The dog has refused to move an inch from the location and simply stares downhill at the long stretch for his owner.
The light-brown dog discovered in chilly Nagano prefecture was first spotted by a local couple on December 4 while they were out driving. The couple, both in their 70s, were driving along the high mountain road when they spotted the sad-looking dog standing in an open section of land near the roadside, facing down the sloping path.
The dog is said to be of muscular build and was believed to have been kept as a hunting dog, though now clearly malnourished and having been exposed to the elements for so long he is started looking rather worse for wear.

“He may have strayed too far from his master,” commented the couple who first sighted the pooch, “but if he’s simply been abandoned, wait as he might his master almost definitely isn’t coming back. I feel so sorry for him; he must be hungry.”
More than seven days later, apart from having turned to brace against the bitterly cold wind, the dog has remained in the same spot and is seemingly still awaiting his owner’s return.
Quite why no one has picked the pooch up and taken him somewhere safe and warm, we have no idea. We’ll be sure to bring you more information about this sad but infinitely dutiful dog as soon as it emerges.

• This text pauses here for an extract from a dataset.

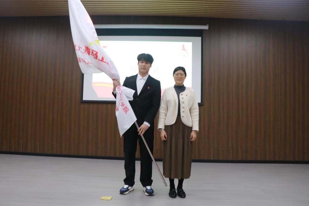 开班仪式在激昂的国歌声中拉开帷幕。学员代表、第五期“青马班”班长成浩同学代表全体学员作学习表态发言。吕顺岷为第五期“青马班”学员代表赠书。蒙童慧向培训班授旗。
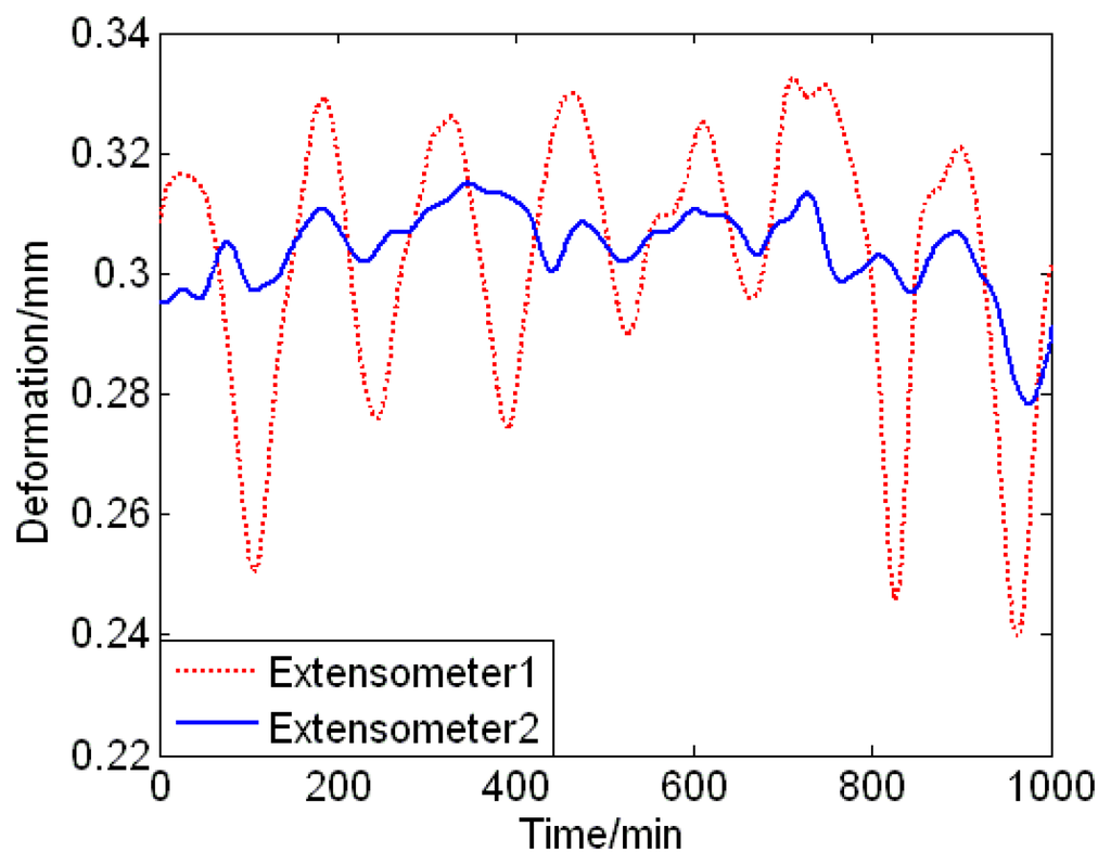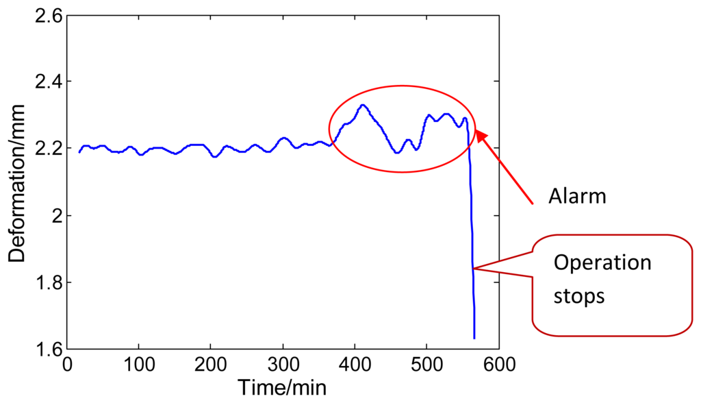 In order to analyze strain changes during alarming, deformation data of the straight pipe for about 560 min before leakage is selected, as shown in Figure 9. This data was recorded by the computer without further processing. According to this figure, it is easy to find that the measuring deformation data of pipe is not a constant. The pressure and the temperature of the steam flowing inside the pipe give rise to this fluctuation during the actual operation of the power plant. Based on fluctuation features of the pipe deformation curve, a rate of deformation of the pipe can be calculated by the least square fitting method. In this system the deformation rate is regarded as the creep rate. The appropriate deformation rate of the pipe can be input into the system's life prediction module in a timely fashion.

A movie was made in 2009 of a dog named  Hachikō which waited for his master every day outside Tokyo’s Shibuya station for an incredible nine years after his death. The dog would go to meet his master Hidesaburo Ueno coming home from work at the same time each day for years, but after Ueno suffered a stroke and died, his dog continued to return to the station daily until his own death nine years later, much to the sorrow of local residents and station staff who grew to love and pity him. Visitors to the station today can see a memorial statue of the faithful pooch standing outside the entrance closest to the famous “scramble” street crossing, appropriately named the “Hachiko exit”.